The effect of sterilisation on a poly(dimethylsiloxane)/poly(hexamethylene oxide) mixed macrodiol-based polyurethane elastomer

The effect of various forms of sterilisation on a novel thermoplastic polyurethane elastomer synthesised using poly(hexamethylene oxide) (PHMO) and poly(dimethylsiloxane) (PDMS) macrodiols has been studied. The five sterilisation methods investigated were ethylene oxide (EtO) (single and multiple cycles), gas plasma, steam, vapour phase liquid chemical and γ-irradiation (single and multiple cycles). Following sterilisation, scanning electron microscopy (SEM) and attenuated total reflectance Fourier transform infrared spectroscopy (ATR-FTIR) were used to assess changes in the surface chemical structure and morphology, and gel permeation chromatography (GPC) and tensile testing were used to examine changes in bulk characteristics. Biostability was assessed using subcutaneous implantation of strained samples in sheep for 6 weeks.

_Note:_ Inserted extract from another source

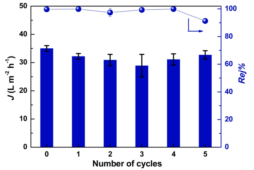 -1和99.7%以上的截留率。與原始GO膜相比,它的水滲透通量提高了近10倍,同時(shí)保持了高截留率。此外,靜電相互作用和尺寸排阻效應(yīng)協(xié)同作用,導(dǎo)致GO/CNTs膜對不同帶正/負(fù)電荷的染料和中性有機(jī)分子的有效分離性能。這種GO/CNTs膜還表現(xiàn)出良好的耐酸性化學(xué)穩(wěn)定性和高效的分離性能。

The results showed that the properties of the commercially available control material, Pellethane® 2363-80A, were significantly affected by exposure to γ-irradiation, steam and multiple cycles of EtO with aging and implantation compounding the effect. Exposure to a gas plasma sterilisation process resulted in significant degradation in both polyurethanes. A vapour phase liquid chemical sterilisation process caused minimal adverse effects. Sterilisation of the PDMS-based polyurethane using EtO, γ-irradiation and autoclaving resulted in no significant changes in properties. The material's biostability was also unaffected by exposure to each of these sterilisation processes followed by short-term implantation suggesting that this material is a potential candidate for use in a wide range of implantable medical devices sterilised using commercially available processes. Further biostability studies should be performed to assess the longer-term in vivo biostability of the PDMS-based material sterilised using autoclaving and γ-irradiation.